In order to successfully foster a well-tuned sales support organization, consider three best-in-class strategies:
First, establish clearly defined roles. The McKinsey researchers underscore the need for a clearly defined sales process with well-defined roles. “If roles are not clear and separate, customer support will quickly become an afterthought with no one accountable.”
Second, integrate analytics. Keep abreast of new sales enablement tools in the form of sales playbooks, predictive and prescriptive sales technologies, and data hygiene tools. These tools can also help empower sales professionals to devote more time to selling and reduce “administrative burden”. According to CSO Insights, sales professionals spend a staggering 21% of their time generating leads and researching accounts (equivalent to about one work day each week). Not surprisingly, a measly 9% of sales professionals are “very satisfied” with their current time management allocation (almost half feel they don’t have the time to focus on strategic priorities). Sales enablement tools can also help inform pricing strategies (optimal product pricing has been cited as the sales function that drives the greatest impact on sales productivity). Additionally, keep abreast of new trends and research related to sales excellence. Recent research, for example, has found that gamification can help increase quota attainment rates. A study by Aberdeen Group found that in the presence of gamification 85% of reps hit quota and 51% of new hires achieve quota in their first year. In contrast, without gamification, these percentages plummet to 78% and 42%, resp. Finally, keep in mind that it’s okay to be experimental and test out multiple tools and strategies. According to McKinsey, “the best companies are willing to adopt an experimental approach, continuously testing tools, analytics and features to make sure they are in line with how their sales teams sell and with what customers want.”

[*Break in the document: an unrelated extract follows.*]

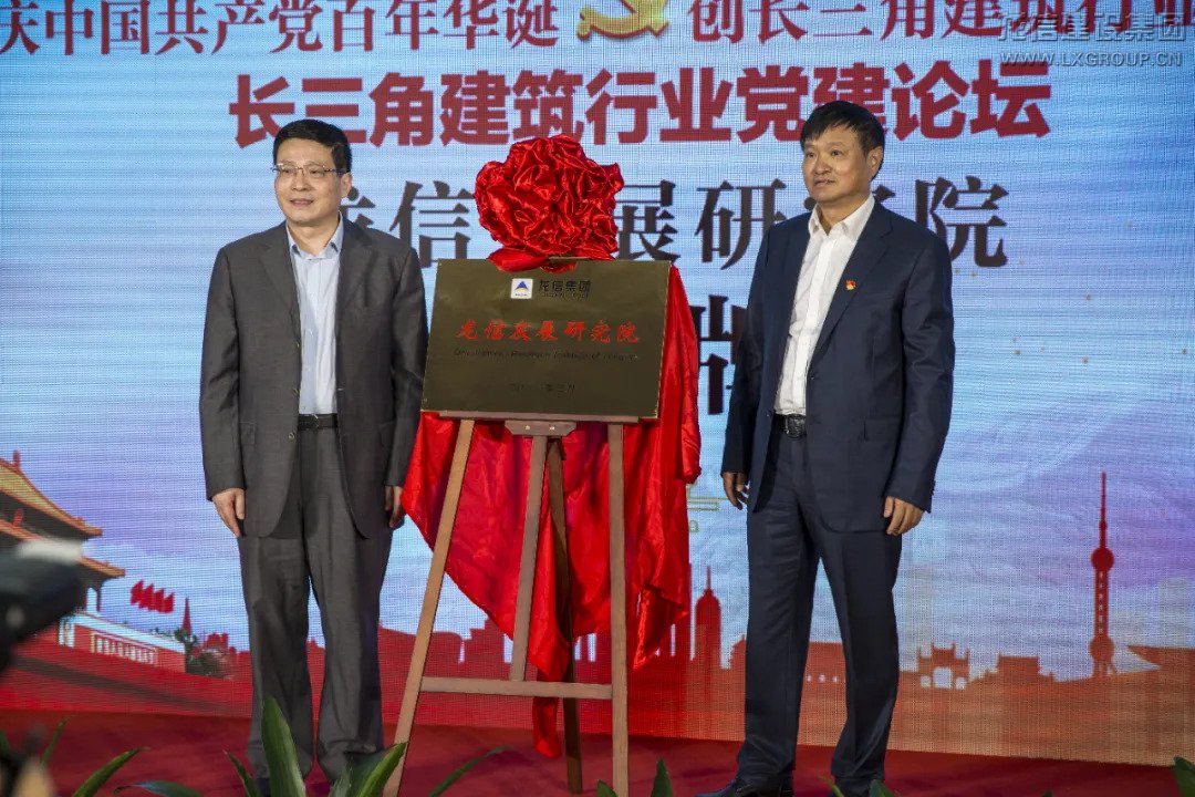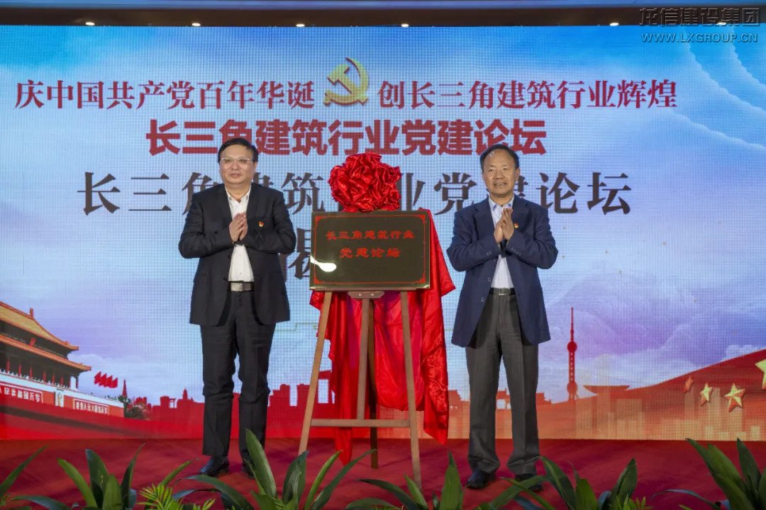 南通市委組織部副部長、市委“兩新”工委書記陸國強(qiáng)(左),原中共中央黨校(國家行政學(xué)院)副校長(副院長)、教授、博士生導(dǎo)師周文彰(右)共同為長三角建筑行業(yè)黨建論壇揭牌

Third, create a dynamic sales process. According to CSO Insights, sales organizations can be grouped according to one of four levels related to their sales process. Level 1 (“random process”) includes organizations that lack a clear process and allow salespeople to use sales tools in an ad hoc manner). Level 2 (“informal process”) includes organizations that have a sales process but don’t actively enforce it or measure its effectiveness. Level 3 (“formal process”) includes organizations that enforce and review their sales process and spearhead changes as they see fit). Finally, Level 4 (“dynamic process”) includes organizations that dynamically monitor sales processes, continuously provide feedback to salespeople, and proactively enact changes as market and other dynamics change.
Just as football teams need cheerleaders to support them as they compete, sales professionals need their own cheer squad in the form of a well-developed sales support organization. The 2016 Sales Performance Optimization Study found that nearly two-thirds of companies intend to increase the size of their sales force. Companies that allocate headcount only for front-line roles are likely to be at a disadvantage. Top performers will use additional headcount to build out a dedicated sales support team. They’ll recognize that sales support entails much more than managerial oversight and ad-hoc sales training.